By Amanda Moore, National Wildlife Federation

Governor Bobby Jindal addresses the media.

At a news conference on August 17, Louisiana Governor Bobby Jindal and New Orleans Mayor Mitch Landrieu announced that important work was beginning on the Orleans Landbridge Shoreline Protection and Marsh Creation Project. The project will help protect the marsh that separates Lake Pontchartrain and Lake Borgne, which is retreating at an alarming average of 7.7 feet per year.

In an exciting twist, this project will recycle more than 200,000 tons of crushed concrete from the demolished I-10 Twin Span Bridge, which was damaged during Hurricane Katrina. Not only does this project combine serious recycling with marsh restoration and protection, but beneficially reusing the concrete will reduce the project costs by more than $11 million or more than 25 percent. As Jim Tripp, Senior Counsel for Environmental Defense Fund, put it during the news conference, this project is a “Win-Win-Win”.

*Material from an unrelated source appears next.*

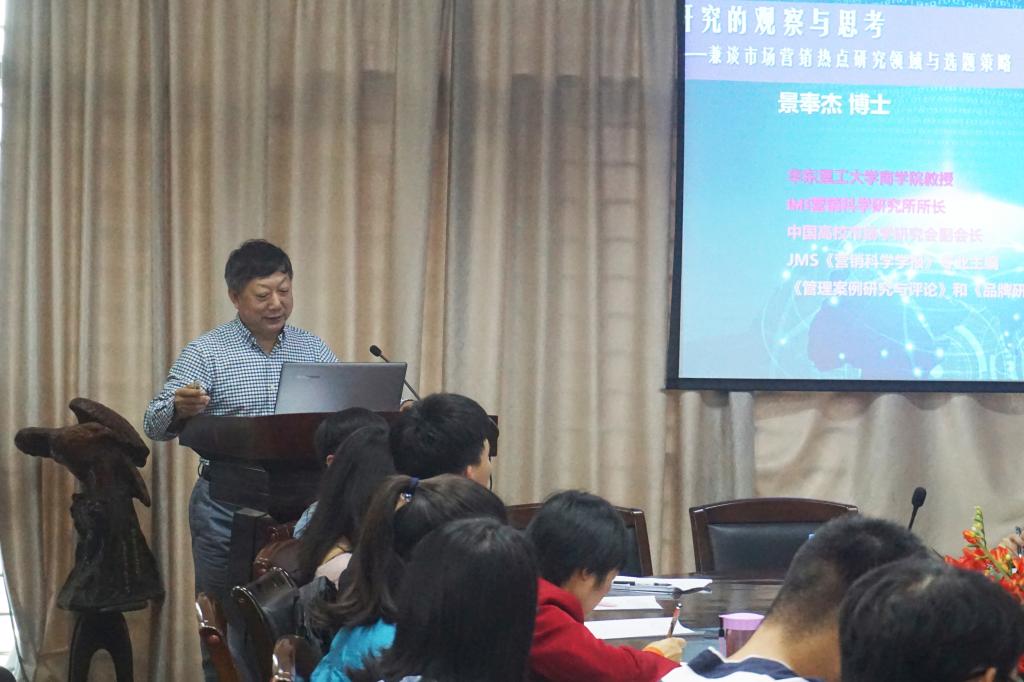 11月20日下午,工商管理学院学术系列讲座第八十一讲在经管609会议室召开。华东理工大学教授景奉杰应邀做“管理研究的观察与思考——兼谈研究热点和论文选题策略”、“华东理工大学商学院博士生项目推介”的主题讲座。

The bridge rubble will be placed in Geogrid Marine Mattresses along the shoreline and will help combat the negative effects of high wave energy on marsh areas, including Bayou Sauvage National Wildlife Refuge, the nation’s largest urban wildlife refuge. The Orleans Landbridge project is scheduled for completion in May 2013. The State and Orleans Parish Coastal Impact Assistance Program (CIAP) is funding the $30 million project.

In addition to Governor Jindal and Mayor Landrieu, State Representative Jared Brossett, members of St. Tammany Parish, Lake Pontchartrain Basin Foundation, Southeast Louisiana Flood Protection Authority East, National Wildlife Federation and Environmental Defense Fund participated in the news conference to express their support for the project.

Carlton Dufrechou of the Causeway Commission also shared a brief–but very important–final remark: “If we don’t save our coast, we’re toast.”